偶然を選ぶことはできないが、偶然を利用することはできる。




偶然は、予知できないからこそ偶然と呼ばれる。
事前に知ることができない以上、偶然を「選ぶ」という行為は不可能である。


しかし、偶然ということ自体は一般によく知られている。
その偶然を利用することは可能であるし、皆、やっている。
例えば、
賭け事は、偶然(の性質)を利用した遊びである。
過去の事象は、偶然(の結果)を利用して解釈される。(→『はざまを生きる存在』




偶然は、選べない。
偶然が必然化するのは、過去においてのみであり、
偶然を事前に選ぶことはできない。
したがって、偶然は受け容れるしかない。
まず、これが大前提である。


・・・とはいえ、
偶然に起きたことを利用することは、いくらでも可能である。
また、偶然の性質を踏まえれば、
(選べないまでも)偶然それが起こるまで「待つ」という選択も可能である。
どのような偶然を「待つ」か、という選択肢は無限にあるのだ。
その意味で、
そもそも単一の選択肢しかない必然とは違い、偶然は極めて自由である。
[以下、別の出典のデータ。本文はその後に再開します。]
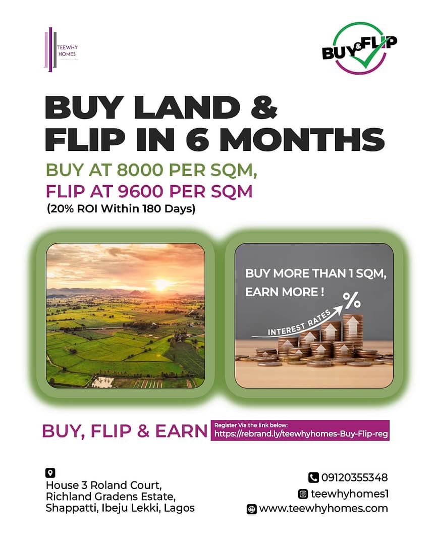 Don\’t miss out on this chance to transform your financial landscape. BUY, FLIP & EARN with TEEWHYHOMES CONSULTING LIMITED.

(→『選択肢がある、というのは』


ただし、少し考えてみればすぐにわかることだが、
「一度も経験したことがなく、その可能性も想像できないような偶然を『待つ』」ことはできない。
その意味で、
偶然の自由度は、経験や知識の量や幅が増すにつれて広がっていくのである。


逆に言えば、
“初めのうち”は、偶然は極めて不自由である。さらに、必然よりも始末が悪い。
しかし、だんだん慣れていくにつれて、少しずつ偶然を手なずけられるようになる。
“その頃”になると、偶然は次第に自由になり、楽しいものになっていく。




偶然とは、そのようなものだと思う。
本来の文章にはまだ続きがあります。